# TASK REQUIREMENTS
Exclude the pictures, then restate every entry below exactly.

# EXERCISE MATERIAL
>>>

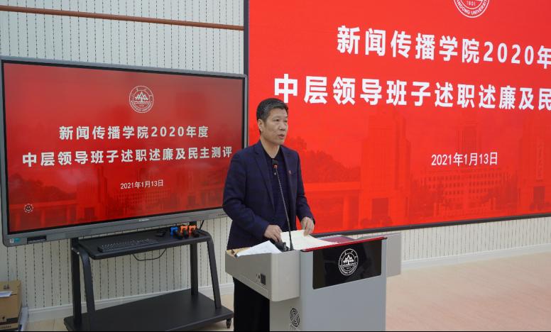 学院常务副院长刘明洋首先进行了述职述廉。他结合分管的领域,总结汇报一年来的工作开展情况,重点介绍了学院在学科建设、教学科研、社会服务、人才引进交流等方面的成果,同时分析了工作中的不足及今后的工作打算,鼓励大家在新的一年里以学科评估、“十四五”发展规划建设等为契机,共创学院新辉煌。
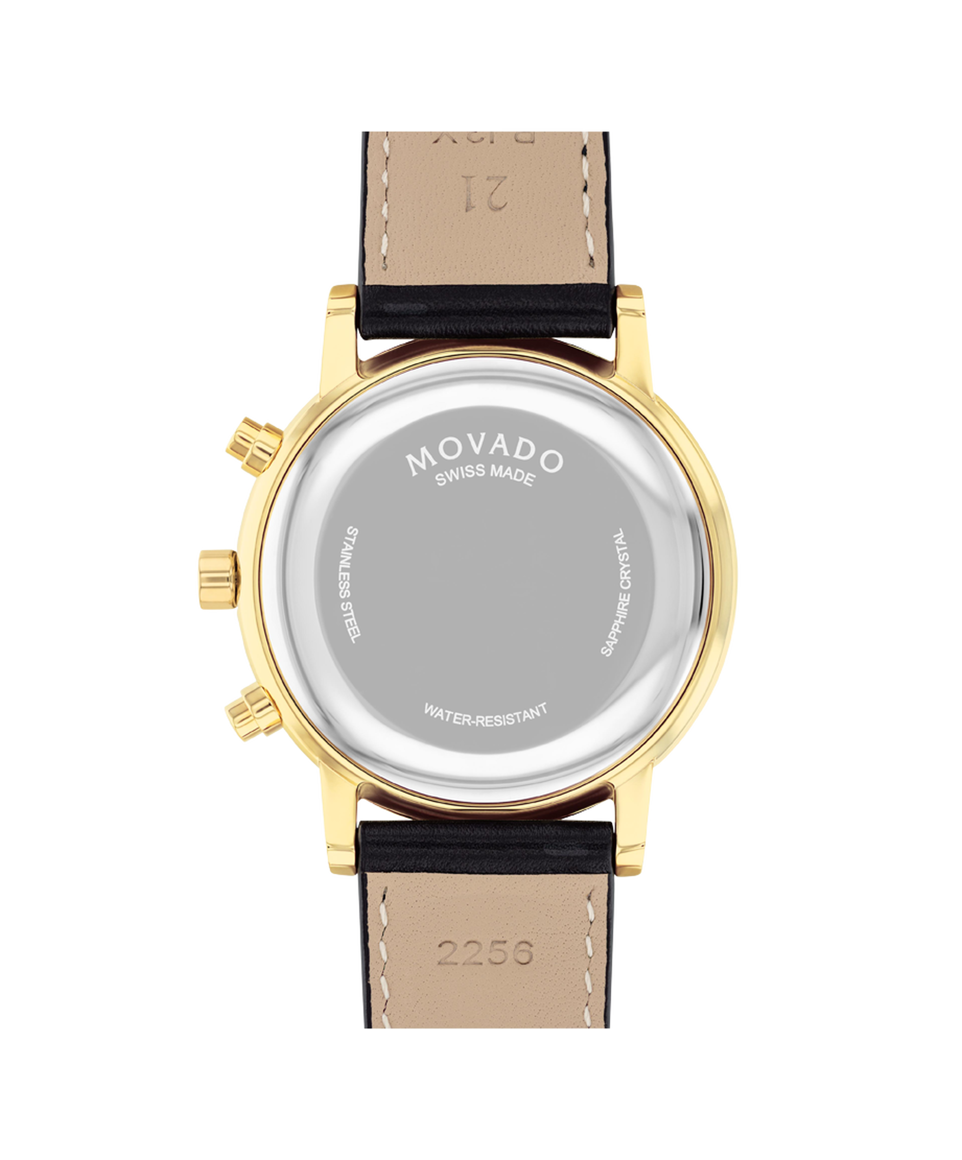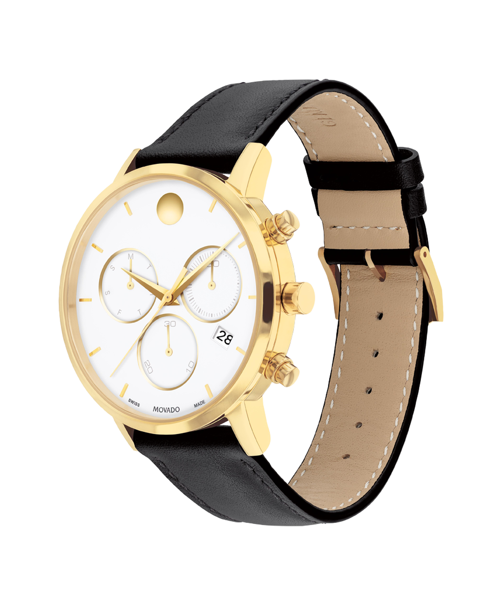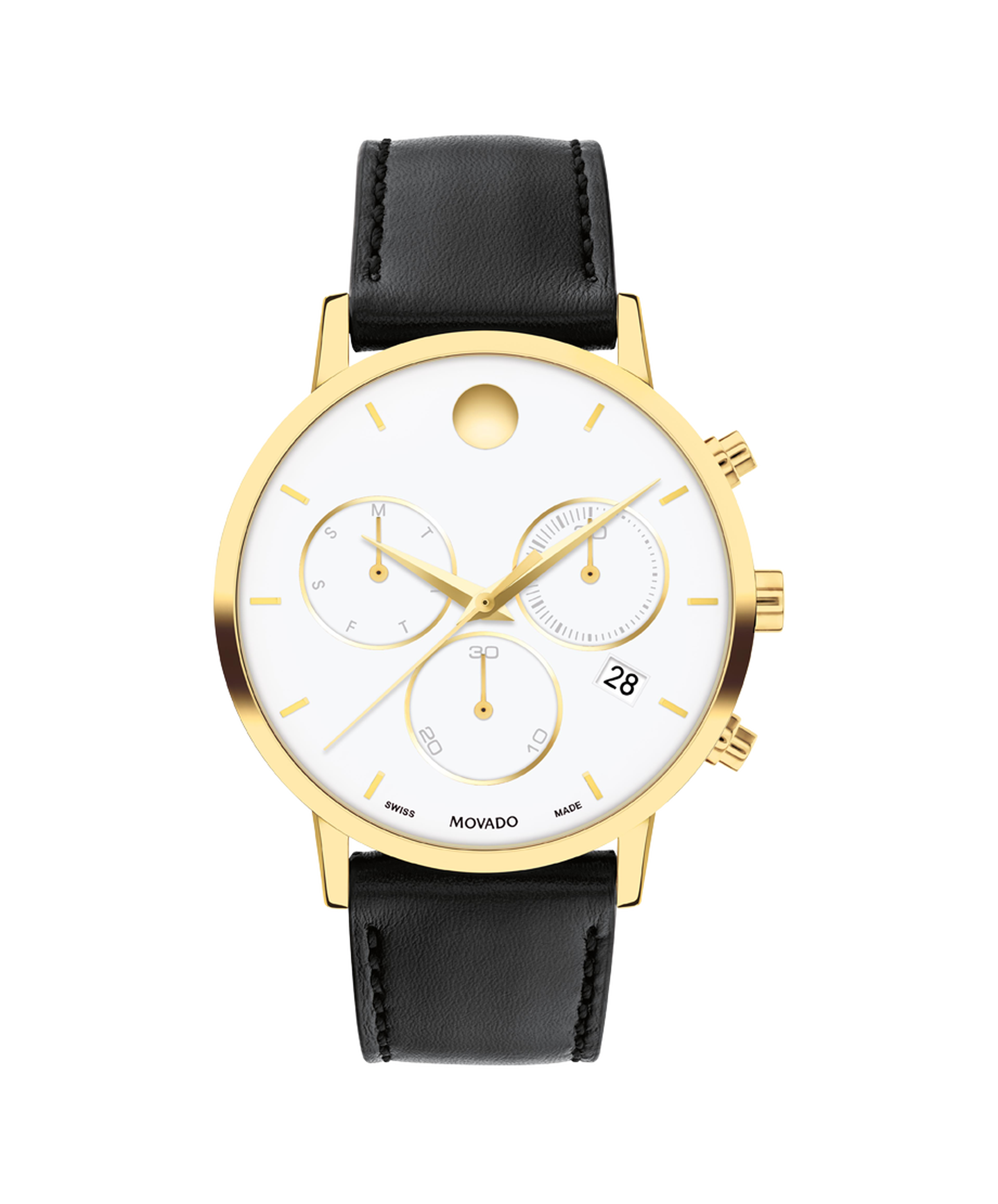 The Museum Classic is an icon of modern design featured in art institutions around the world. This 42mm chronograph watch features a white dial, tonal subdials, yellow goldtone dauphine hands, and our signature museum dial with a dot at 12 o'clock.
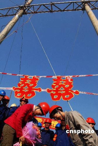參加救災(zāi)的一對(duì)電網(wǎng)職工電線桿下舉行婚禮
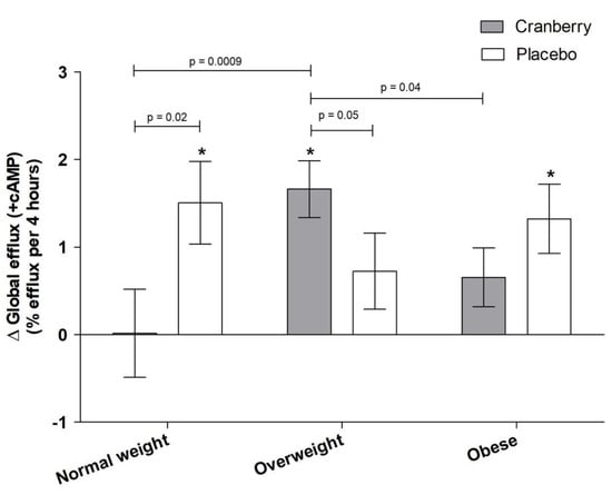 Exploratory subgroup analyses according to BMI category identified a significant interaction between treatment and BMI for global HDL efflux (+cAMP) (interaction p-value = 0.02; Figure 5). Post hoc comparisons demonstrated that cranberry juice supplementation was more effective in participants with overweight compared to both individuals of normal weight and individuals with obesity (p = 0.009 and p = 0.04, respectively). Cranberry juice also significantly increased global HDL efflux (+cAMP) compared to the placebo in individuals with overweight (p = 0.05), whereas there was a greater increase with the placebo in participants of normal body weight (p = 0.02). There was no significant difference between the effect of cranberry juice and placebo in individuals with obesity. There was not a significant interaction between treatment and BMI category for other measures of HDL efflux (data not shown; p > 0.05).
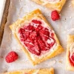 Spread about 1 tablespoon of cream cheese mixture over the inner rectangle of each pastry. Top it with a single layer of raspberries.
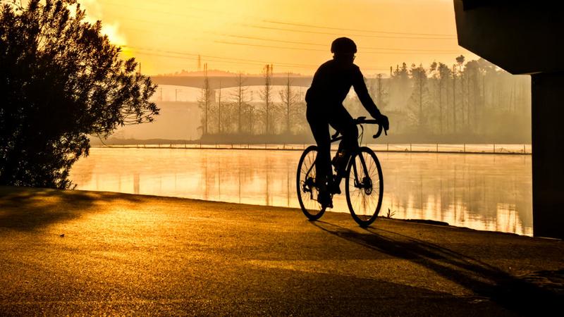 12月14日,骑行爱好者在武汉市东湖风景区骑行。新华社记者 肖艺九 摄

<<<

# RESPONSE TO THE EXERCISE
 学院常务副院长刘明洋首先进行了述职述廉。他结合分管的领域,总结汇报一年来的工作开展情况,重点介绍了学院在学科建设、教学科研、社会服务、人才引进交流等方面的成果,同时分析了工作中的不足及今后的工作打算,鼓励大家在新的一年里以学科评估、“十四五”发展规划建设等为契机,共创学院新辉煌。
 The Museum Classic is an icon of modern design featured in art institutions around the world. This 42mm chronograph watch features a white dial, tonal subdials, yellow goldtone dauphine hands, and our signature museum dial with a dot at 12 o'clock.
參加救災(zāi)的一對(duì)電網(wǎng)職工電線桿下舉行婚禮
 Exploratory subgroup analyses according to BMI category identified a significant interaction between treatment and BMI for global HDL efflux (+cAMP) (interaction p-value = 0.02; Figure 5). Post hoc comparisons demonstrated that cranberry juice supplementation was more effective in participants with overweight compared to both individuals of normal weight and individuals with obesity (p = 0.009 and p = 0.04, respectively). Cranberry juice also significantly increased global HDL efflux (+cAMP) compared to the placebo in individuals with overweight (p = 0.05), whereas there was a greater increase with the placebo in participants of normal body weight (p = 0.02). There was no significant difference between the effect of cranberry juice and placebo in individuals with obesity. There was not a significant interaction between treatment and BMI category for other measures of HDL efflux (data not shown; p > 0.05).
 Spread about 1 tablespoon of cream cheese mixture over the inner rectangle of each pastry. Top it with a single layer of raspberries.
 12月14日,骑行爱好者在武汉市东湖风景区骑行。新华社记者 肖艺九 摄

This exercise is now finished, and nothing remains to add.